THE COLOR PURPLE, produced by Quincy Jones, Kathleen Kennedy, Frank Marshall, and Steven Spielberg (1985)
Starring: Whoopi Goldberg, Danny Glover, Adolph Caesar, Margaret Very, Oprah Winfrey, and Rae Dawn Chong.
Based on Alice Walker’s 1982 novel, The Color Purple was a movie phenomenon depicting the lives and problems of African-American women during the early twentieth century. The film vividly portrays problems of domestic violence, rape, incest, poverty, racism, sexism, and even pedophilia. Through the support of two women, Celie, the main character, begins to find her own voice and discover her own strength, and she is not the only one. The movie depicts the transitions that many characters in the story have made, moving toward healing and better ways of living that overcome their painful and difficult pasts. It also accurately displays the struggle and how difficult cycles of abuse are to overcome, especially if abuse and mistreatment is a part of the culture at large.
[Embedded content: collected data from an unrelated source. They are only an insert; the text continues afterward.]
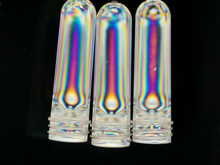 2.當瓶坯置于應力儀中45度角時可以觀測到瓶坯邊緣處彩色的雙折射條紋,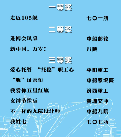 由中國(guó)船舶集團(tuán)黨群工作部指導(dǎo),中國(guó)船舶集團(tuán)新聞宣傳中心/中國(guó)船舶報(bào)社承辦的中國(guó)船舶集團(tuán)第二屆短視頻大賽圓滿落幕。經(jīng)過(guò)前期篩選,網(wǎng)絡(luò)投票,并特邀國(guó)務(wù)院國(guó)資委新聞中心、國(guó)防科工局新聞宣傳中心、中央電視臺(tái)、微博政務(wù)、中國(guó)船舶集團(tuán)黨群工作部專家評(píng)審,大賽最終評(píng)出一等獎(jiǎng)5部,二等獎(jiǎng)10部,三等獎(jiǎng)23部,同時(shí)評(píng)出優(yōu)秀組織獎(jiǎng)單位6家。名單如下,快來(lái)圍觀!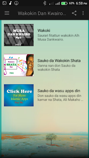 Wannan Manhaja ta Kunshi wasu daga cikin fitattun wakokin Alh Musa Dankwairo. Wannan application anyi shi ne don jin dadin ku tare da fadada yaduwar harshen Hausa a Duniya.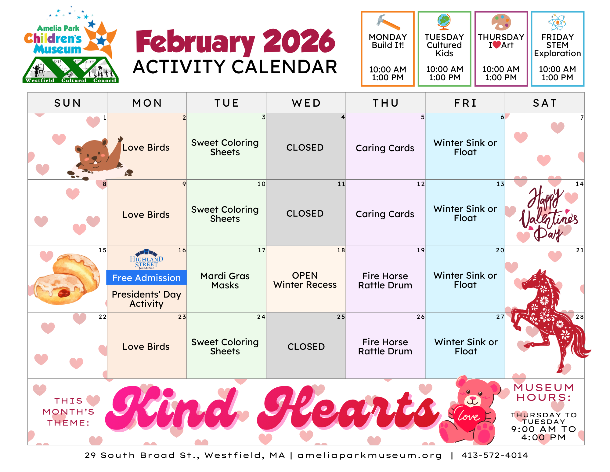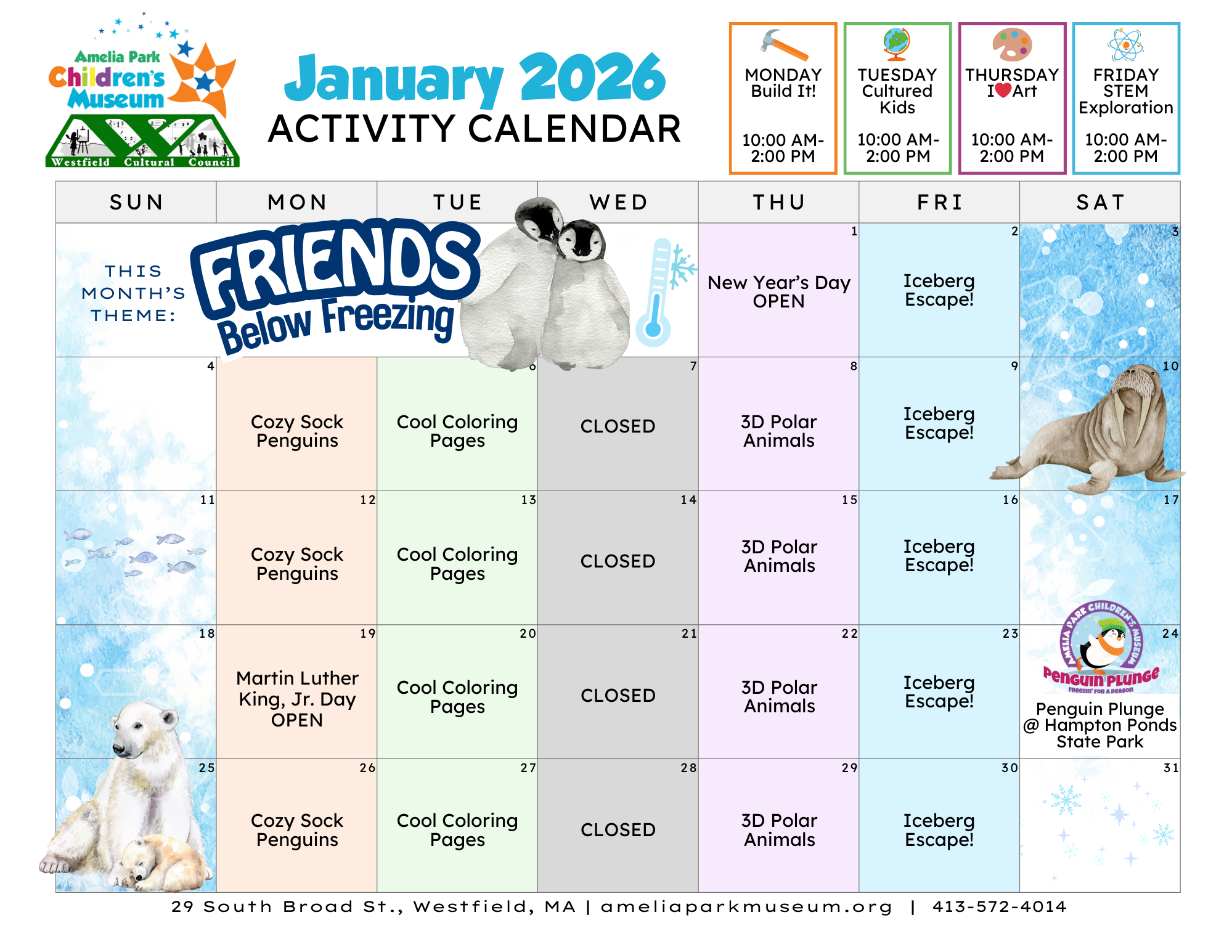 In addition to exploring our 15 fascinating exhibits, we invite you to join us for our weekday program activities offered at 10am and 1pm.
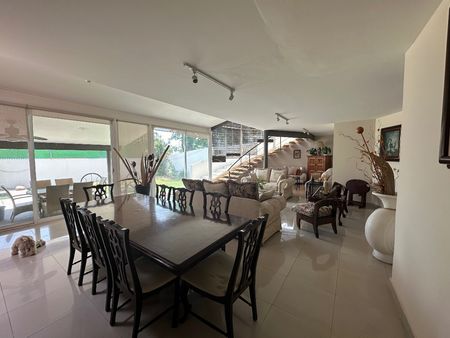 Amplia sala-comedor con ventanales de piso a techo que se integran a la terraza, jardín y alberca.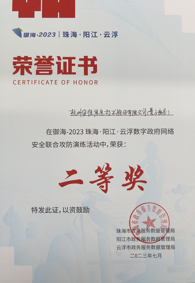 再添佳績!安恒信息榮獲御海2023聯(lián)合攻防演練二等獎!

Note: The movie is rated PG-13 due to strong content, language, and sexual situations.
Sofia: All my life I had to fight. I had to fight my daddy. I had to fight my uncles. I had to fight my brothers. A girl child ain’t safe in a family of men, but I ain’t never thought I’d have to fight in my own house! I love Harpo, God knows I do. But I’ll kill him dead before I let him beat me.